We stood around him and I massaged his feet and gave him as much love as I could to carry him on this journey that he was so clearly already on. I kept reminding myself that it was okay, that his time had come. By reminding myself, I guess I was also sending out visions that it was okay for him to let go finally. He had been in a lot of pain and he was very very ill and it was time. There were moments of waiting, hoping that he’d take another breath, but there was also hoping that he didn’t. When he finally he didn’t it was like, “Oh… fuck. That’s it. He will actually never take another breath.” It was very overwhelming. It was also very beautiful. The greatest gift that anyone has ever offered me is allowing me to be present for their dying.

HS: Why do you say that?

AA: Because it’s such a delicate space. It’s such a vulnerable place. It’s such an intimate space. It’s so profound to witness life leave, to see what the end actually looks like, or what the end of this life, as we know it, looks like.

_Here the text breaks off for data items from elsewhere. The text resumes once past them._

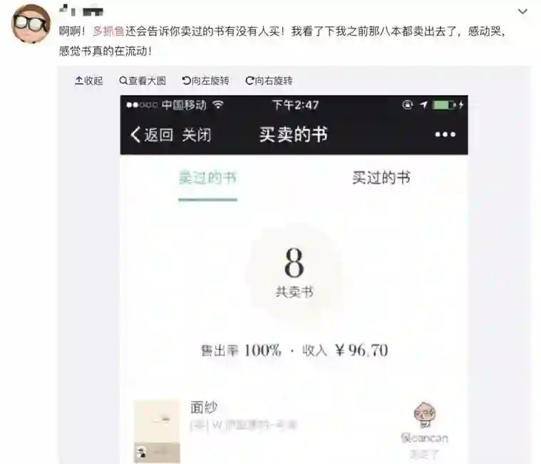 为了提高售出率,用户可能会将更多更优质的书卖给多抓鱼,又进一步促进了买卖正向循环。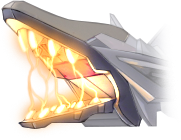 Like many other canids, the Mirage Fox is able to charge its teeth with electrical energy. This is used to deliver a fierce bite to the enemy. However, the weapon doesn't see use in the series (with a charge) for us to be able to determine its effects or imagery. This image is referenced from the Konig Wolf.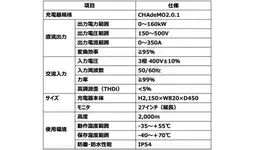 27インチの大型ディスプレイを搭載した「EV急速充電器」は日本初。上の画像のようにキャラクターを使ったゲーム感覚の表示も可能で、給電状況以外にもさまざまな情報を表示することができ、将来的には設置場所周辺の観光スポット案内や緊急時の災害情報などにも対応が可能です。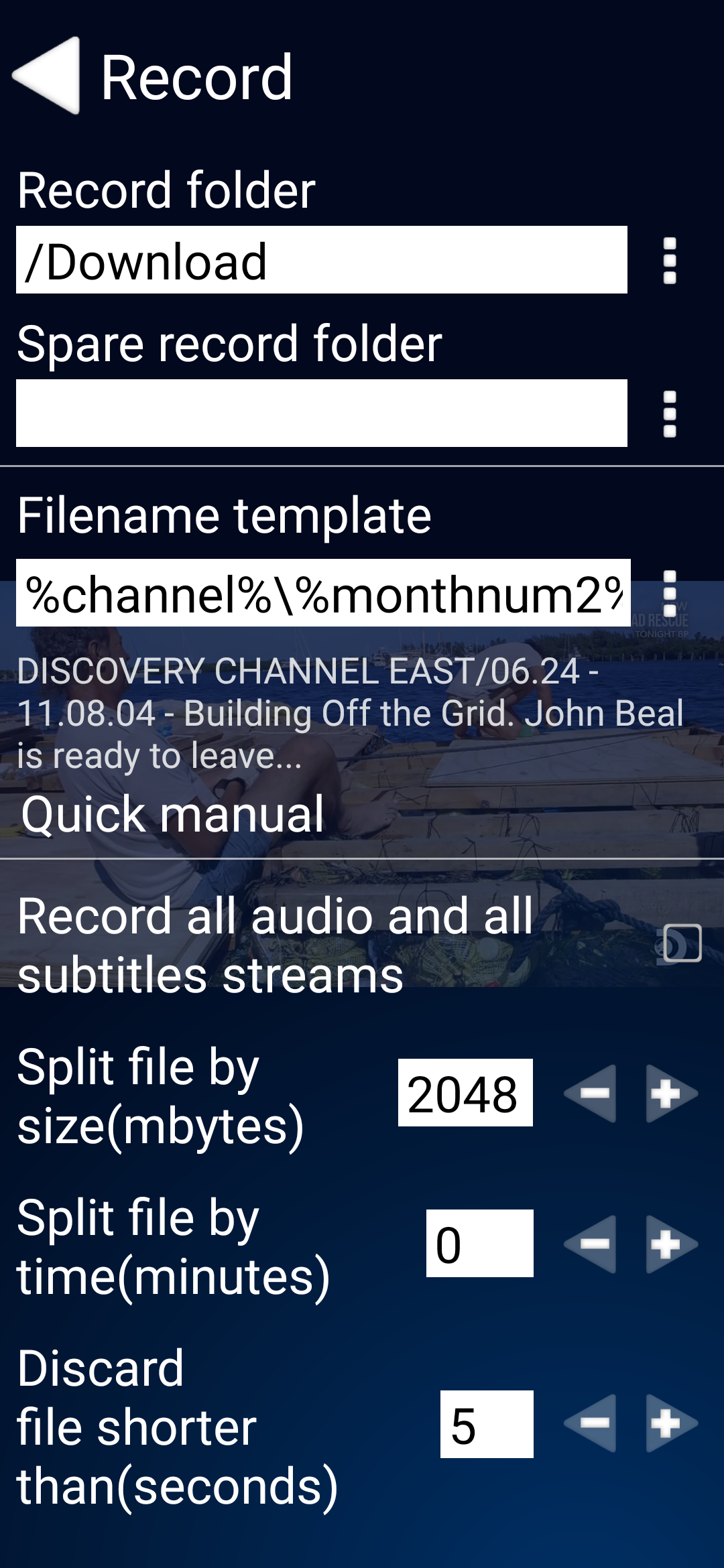 Re: Recording Error from ProgTV on Android.

Have you ever seen a baby being born? When a baby is being born you feel like, “Oh my god, life has begun.” When somebody dies it’s like, “Oh my god, life has ended.” No more words to be spoken. They will never create anything else. He’s not making anything. He’s not talking to anybody. He’s not putting his hands on anything again. We’ll have no memories of him from this point forwards. This is it. There is a period on this. Similarly when life begins, before this first breath was taken there was nothing, then there’s a brand new life. When life ends it’s like closed book, but can’t open it again.

HS: A birth is intense so I imagine witnessing a death would also be emotionally trippy. It’s like witnessing the edge of the unknown.

AA: I’ve likened it to walking a human as far as you can go with them before you have to turn around. We take them to a certain spot and then at some point we can’t go any further.

I dreamt about my brother-in-law. It was a vibrant colorful dream. There was a parade going by. There was confetti in the air — moving, floating in the air, not falling. It was like there was no gravity for the confetti. Everything was super sparkly. We came out of the parade and my brother-in-law was like, “What are you doing here?”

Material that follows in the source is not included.